Uma moeda digital oficial e centralizada

Isso significa que ele é emitido e garantido pelo Banco Central do Brasil, com o mesmo valor do real físico. A principal diferença entre o Drex e os saldos que temos em contas bancárias é que o Drex é uma obrigação direta do Banco Central, enquanto o saldo da sua conta é uma obrigação do banco comercial.

Leia mais: Pix abre caminho para o Drex, a moeda digital do Brasil

Como o Drex difere de criptomoedas e stablecoins?

  • Não é uma criptomoeda: O Drex é centralizado. Criptomoedas como Bitcoin operam em redes descentralizadas, fora do controle de governos.
  • Não é uma stablecoin: Stablecoins são tokens privados atrelados ao valor de moedas fiduciárias.

Como vai funcionar o Drex na prática?

Arquitetura em dois níveis

O Banco Central desenhou um sistema de dois níveis para equilibrar inovação com estabilidade financeira:

Drex Atacado

  • Serve como meio de liquidação para as transações da nova plataforma Drex.
  • Funciona como uma reserva bancária digital.

Real Tokenizado

  • Esta é a forma com a qual os cidadãos terão contato.
  • Emitido por bancos e instituições de pagamento, sempre pareado 1:1 com reais depositados.
  • Operado por meio de carteiras digitais.

Tecnologia envolvida

O Drex usa Hyperledger Besu, uma tecnologia de registro distribuído (DLT), em uma rede permissionada — controlada, mas com transparência e auditabilidade.

O que o Drex traz de novo?

Contratos Inteligentes (Smart Contracts)

  • São códigos que executam automaticamente acordos financeiros.
  • Exemplo: Na compra de um carro, o contrato libera o dinheiro para o vendedor apenas quando o documento do veículo for transferido para o comprador.

Liquidação Atômica (DvP – Delivery versus Payment)
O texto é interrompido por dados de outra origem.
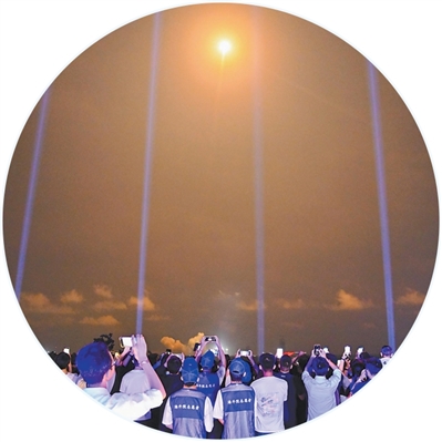 “5,4,3,2,1”——火箭的火焰照亮夜幕,平臺(tái)的光束射向天際……19時(shí)50分,火箭發(fā)射升空,游客們舉著手機(jī)記錄,現(xiàn)場歡呼聲陣陣?!昂芘d奮、很震撼,感覺一伸手就能‘抓’到火箭。”延鈺菲說。

  • Garante que entrega e pagamento ocorram simultaneamente.
  • Evita riscos de inadimplência ou fraudes em transações complexas.

Tokenização da economia

  • Venda de frações de ativos;
  • Democratização de investimentos;
  • Maior liquidez em mercados antes inacessíveis.

Riscos e controvérsias

Privacidade e vigilância

A possibilidade de rastrear cada transação levanta preocupações legítimas:

  • O Banco Central afirma que o Drex respeitará a Lei Geral de Proteção de Dados (LGPD) e o sigilo bancário.
  • Mas ainda não está clara a tecnologia que garantirá privacidade com supervisão legal ao mesmo tempo.

Cibersegurança

  • Como sistema central da economia, o Drex será alvo de ataques cibernéticos.
  • Falhas podem gerar vazamentos de dados ou paralisações graves no sistema financeiro.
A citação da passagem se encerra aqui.